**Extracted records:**
______

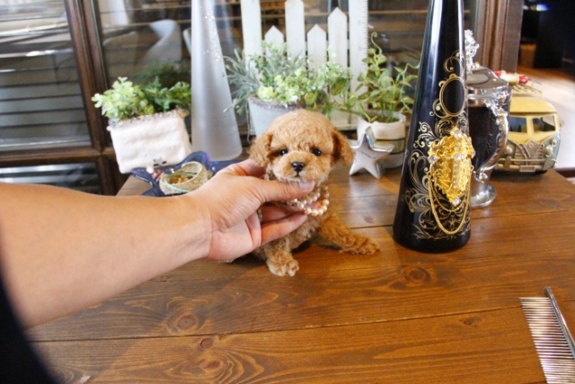 | コメント | 父1.5㎏ 母2.0㎏ 2頭生まれの兄妹でスタッフと大事に大事に育ててきました。 小さな体でお乳を吸う姿に愛しさがあります。 将来サイズティーサイズ【1キロから2,0キロ以内】予想 極上の毛質と毛量に覆われマズル(鼻先)は短く瞳は丸く小顔タイプのお顔 アプリコットは成長と共に綺麗な毛色に変化していき退色の心配のいらない 毛色でございます。 体型も足の短いドアーフタイプに胴の短いショートボディ 価格はお高目ではございますが 1頭を大事に飼いたいというお客様にお譲りできればと思っております。 生体ですので他の家族が先に決まってしまうことも 多々ありますのでご理解のほどよろしくお願いいたします 大人しく人懐っこい性格なので初めての方にも飼いやすい仔です☆ お留守番、夜鳴きはすでにしつけ済みです♪ ペットショップやオークション出しのブリーダーと違い欧米のブリーディング同様、親や兄弟と社会期を過ごさせることで 人間と暮らした時にスムーズに暮らせるようにしております。 親犬達も家族として朝7時からドックランで遊び、全室冷暖房完備の部屋で過ごし、専門のスタッフや専門学校の方々と協力し合いながら 衛生管理に努めております。 犬舎の特徴としましては、東京や神奈川近郊の為マンションのお客様が8割を占めます。その為小さな1キロから2.8キロまでに収まるように、 母犬を2.8キロまでと決めてブリーディングをしている為、後で極端に大きくなる子はいません。 瞳の丸く大きなところやマズル(鼻先)が短いもの特徴で、父犬、母犬、全て私が全国の可愛いトイプードルを一頭、一頭厳選して親犬としてブリーディングした子犬のみを掲載しております。 こだわりとしては、お客様がお迎えされた後、その子がTV出演、雑誌やカレンダーのモデルとして活躍の場が増え我が家を忘れないでいてもらいたい為、 本気でこだわりを持って常にトイプードルを飼うなら此処だと皆様全員に思われる犬舎でありたいと思います。 ありがたいことに今では、雑誌やTV出演、カレンダーなど多くの出身トイプードルちゃんたちが可愛く撮影されお客様からも喜びの声を頂いております |
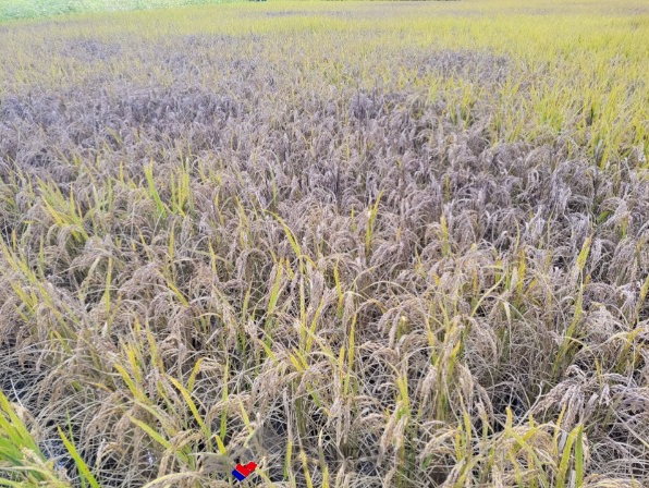 JD News 유소진 기자 = 충북 제천시 봉얍읍 인근 벼 수확을 앞둔 논이 깨씨무늬병으로 온통 불그스름하게 물들어가고 있어 농민들이 시름에 빠졌다.
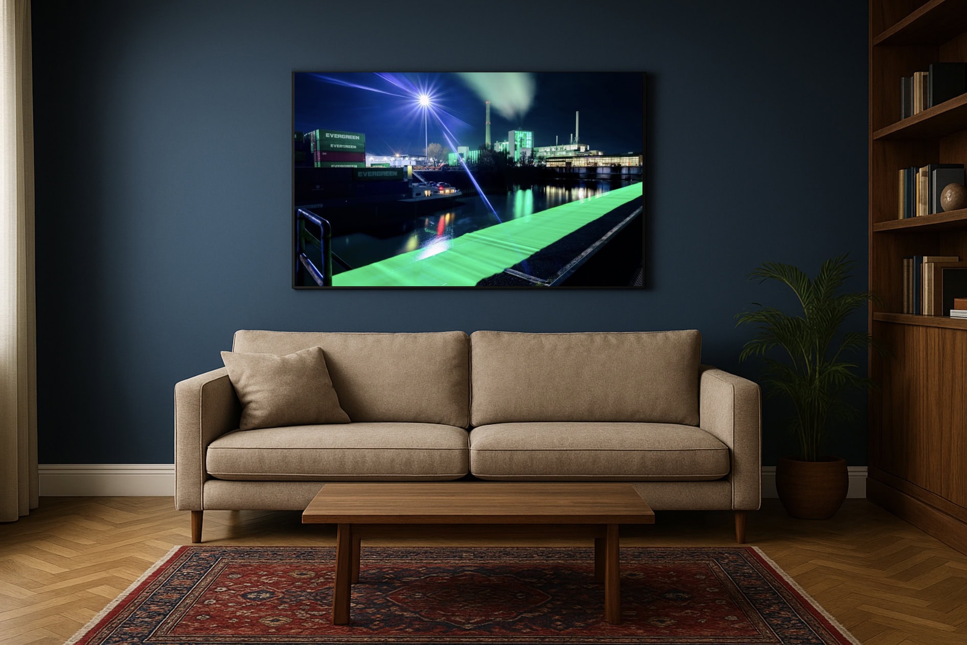 Die Szene selbst ist reduziert: links Container, rechts die Architektur des Gaskraftwerks, darüber Dampf und eine sternförmige Leuchte. Das Grün der Lausward war das Leitmotiv; die Spur im Vordergrund greift es auf und führt diagonal in die Tiefe. Mehrere Testaufnahmen halfen, Symmetrie, Dichte und Belichtungszeit auszutarieren, bis Ruhe und Spannung zugleich entstanden. Die Leuchte habe ich bewusst weich auslaufen lassen – als Gegenpol zur präzisen Kante der Lichtbahn.
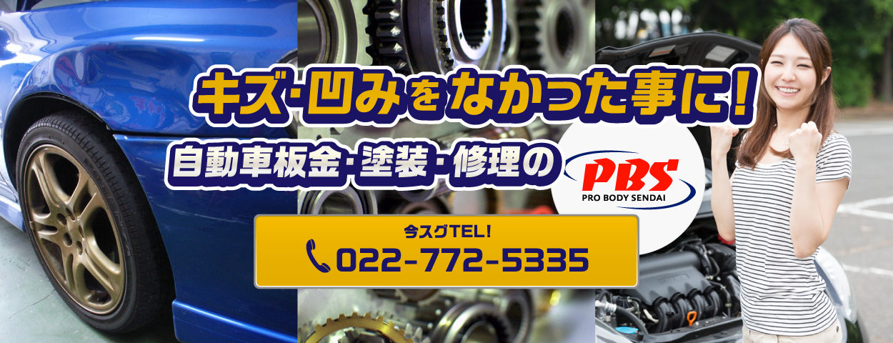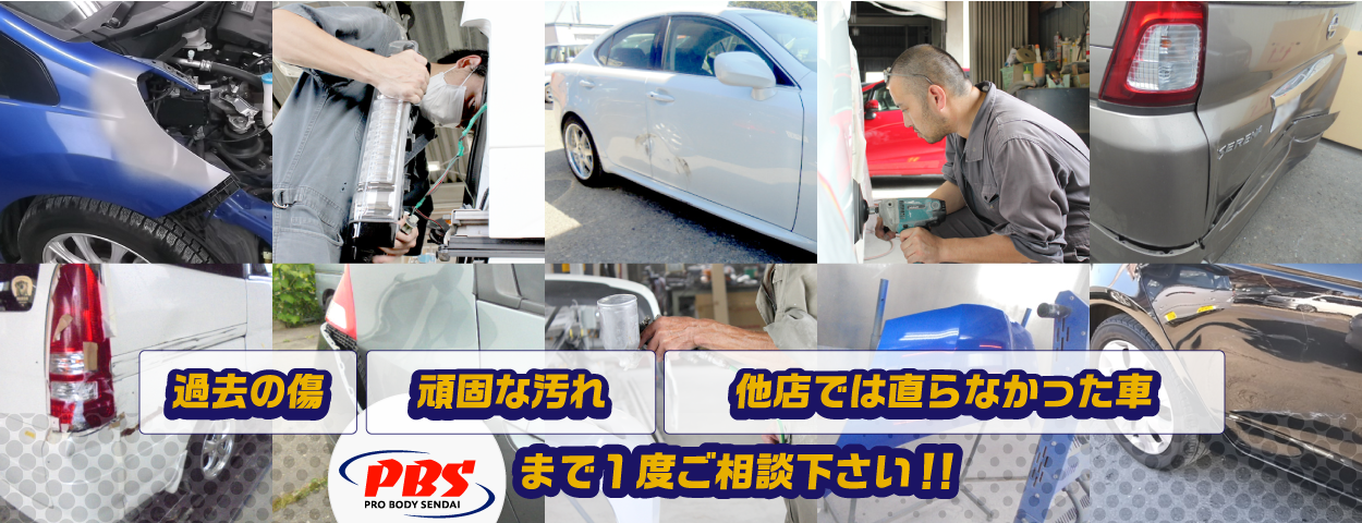 自動車鈑金・塗装、カーフィルム施工、ポリマー加工、自動車ガラス修理、自動車修理、自動車塗装、自動車板金、自動車販売、中古車販売は宮城県仙台市泉区にあるプロボディー仙台株式会社にお任せください。
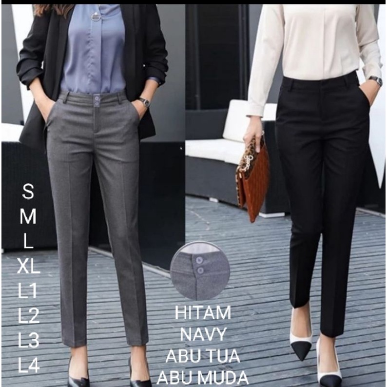 CELANA DASAR FORMAL KERJA KANTOR WANITA RESLETING/KARET UKURAN KECIL SAMPAI JUMBO S - M - L - XL - XXL
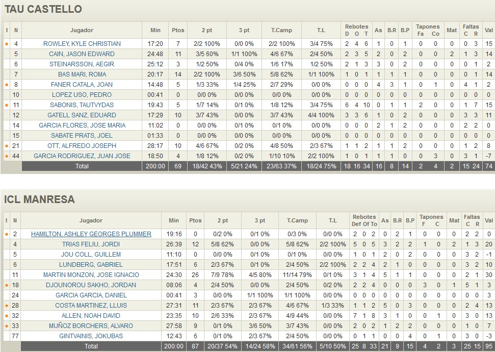 Tocaba ponerse el mono de faena en el siguiente cuarto, pero los locales no lo hacían lo suficiente, ya que se producían canastas fáciles del ICL Manresa, lo que se acabó traduciendo en el segundo tiempo muerto solicitado por el técnico castellonense, que vio la situación muy peliaguda en el minuto 14 con 20-36 en el luminoso. El TAU Castelló pasó a defender en zona y con el buen hacer ofensivo de un inspirado Romà Bas se llegó a inquietar a los catalanes (27-39), quienes también echarían mano de un tiempo muerto. Con este tipo de defensas se generan más situaciones de tiro y lo aprovechó unos súper clase como Nacho Martín, con varias temporadas en ACB como aval, para dar un recital de lanzamientos, estando bien secundado por otro jugador que no necesita presentación: Jordi Trías. Estos dos fueron los principales ejecutores de lo que parecía la herida de muerte del TAU Castelló (35-54 al descanso). A los de La Plana les faltaba espíritu, garra, convicción… Se les vio bastante abatidos, como asustados por la calidad del rival.

______

**Problem details:**
In your copy, include no pictures, but reproduce all records exactly.

**Solved problem:**
 | コメント | 父1.5㎏ 母2.0㎏ 2頭生まれの兄妹でスタッフと大事に大事に育ててきました。 小さな体でお乳を吸う姿に愛しさがあります。 将来サイズティーサイズ【1キロから2,0キロ以内】予想 極上の毛質と毛量に覆われマズル(鼻先)は短く瞳は丸く小顔タイプのお顔 アプリコットは成長と共に綺麗な毛色に変化していき退色の心配のいらない 毛色でございます。 体型も足の短いドアーフタイプに胴の短いショートボディ 価格はお高目ではございますが 1頭を大事に飼いたいというお客様にお譲りできればと思っております。 生体ですので他の家族が先に決まってしまうことも 多々ありますのでご理解のほどよろしくお願いいたします 大人しく人懐っこい性格なので初めての方にも飼いやすい仔です☆ お留守番、夜鳴きはすでにしつけ済みです♪ ペットショップやオークション出しのブリーダーと違い欧米のブリーディング同様、親や兄弟と社会期を過ごさせることで 人間と暮らした時にスムーズに暮らせるようにしております。 親犬達も家族として朝7時からドックランで遊び、全室冷暖房完備の部屋で過ごし、専門のスタッフや専門学校の方々と協力し合いながら 衛生管理に努めております。 犬舎の特徴としましては、東京や神奈川近郊の為マンションのお客様が8割を占めます。その為小さな1キロから2.8キロまでに収まるように、 母犬を2.8キロまでと決めてブリーディングをしている為、後で極端に大きくなる子はいません。 瞳の丸く大きなところやマズル(鼻先)が短いもの特徴で、父犬、母犬、全て私が全国の可愛いトイプードルを一頭、一頭厳選して親犬としてブリーディングした子犬のみを掲載しております。 こだわりとしては、お客様がお迎えされた後、その子がTV出演、雑誌やカレンダーのモデルとして活躍の場が増え我が家を忘れないでいてもらいたい為、 本気でこだわりを持って常にトイプードルを飼うなら此処だと皆様全員に思われる犬舎でありたいと思います。 ありがたいことに今では、雑誌やTV出演、カレンダーなど多くの出身トイプードルちゃんたちが可愛く撮影されお客様からも喜びの声を頂いております |
 JD News 유소진 기자 = 충북 제천시 봉얍읍 인근 벼 수확을 앞둔 논이 깨씨무늬병으로 온통 불그스름하게 물들어가고 있어 농민들이 시름에 빠졌다.
 Die Szene selbst ist reduziert: links Container, rechts die Architektur des Gaskraftwerks, darüber Dampf und eine sternförmige Leuchte. Das Grün der Lausward war das Leitmotiv; die Spur im Vordergrund greift es auf und führt diagonal in die Tiefe. Mehrere Testaufnahmen halfen, Symmetrie, Dichte und Belichtungszeit auszutarieren, bis Ruhe und Spannung zugleich entstanden. Die Leuchte habe ich bewusst weich auslaufen lassen – als Gegenpol zur präzisen Kante der Lichtbahn.
 自動車鈑金・塗装、カーフィルム施工、ポリマー加工、自動車ガラス修理、自動車修理、自動車塗装、自動車板金、自動車販売、中古車販売は宮城県仙台市泉区にあるプロボディー仙台株式会社にお任せください。
 CELANA DASAR FORMAL KERJA KANTOR WANITA RESLETING/KARET UKURAN KECIL SAMPAI JUMBO S - M - L - XL - XXL
 Tocaba ponerse el mono de faena en el siguiente cuarto, pero los locales no lo hacían lo suficiente, ya que se producían canastas fáciles del ICL Manresa, lo que se acabó traduciendo en el segundo tiempo muerto solicitado por el técnico castellonense, que vio la situación muy peliaguda en el minuto 14 con 20-36 en el luminoso. El TAU Castelló pasó a defender en zona y con el buen hacer ofensivo de un inspirado Romà Bas se llegó a inquietar a los catalanes (27-39), quienes también echarían mano de un tiempo muerto. Con este tipo de defensas se generan más situaciones de tiro y lo aprovechó unos súper clase como Nacho Martín, con varias temporadas en ACB como aval, para dar un recital de lanzamientos, estando bien secundado por otro jugador que no necesita presentación: Jordi Trías. Estos dos fueron los principales ejecutores de lo que parecía la herida de muerte del TAU Castelló (35-54 al descanso). A los de La Plana les faltaba espíritu, garra, convicción… Se les vio bastante abatidos, como asustados por la calidad del rival.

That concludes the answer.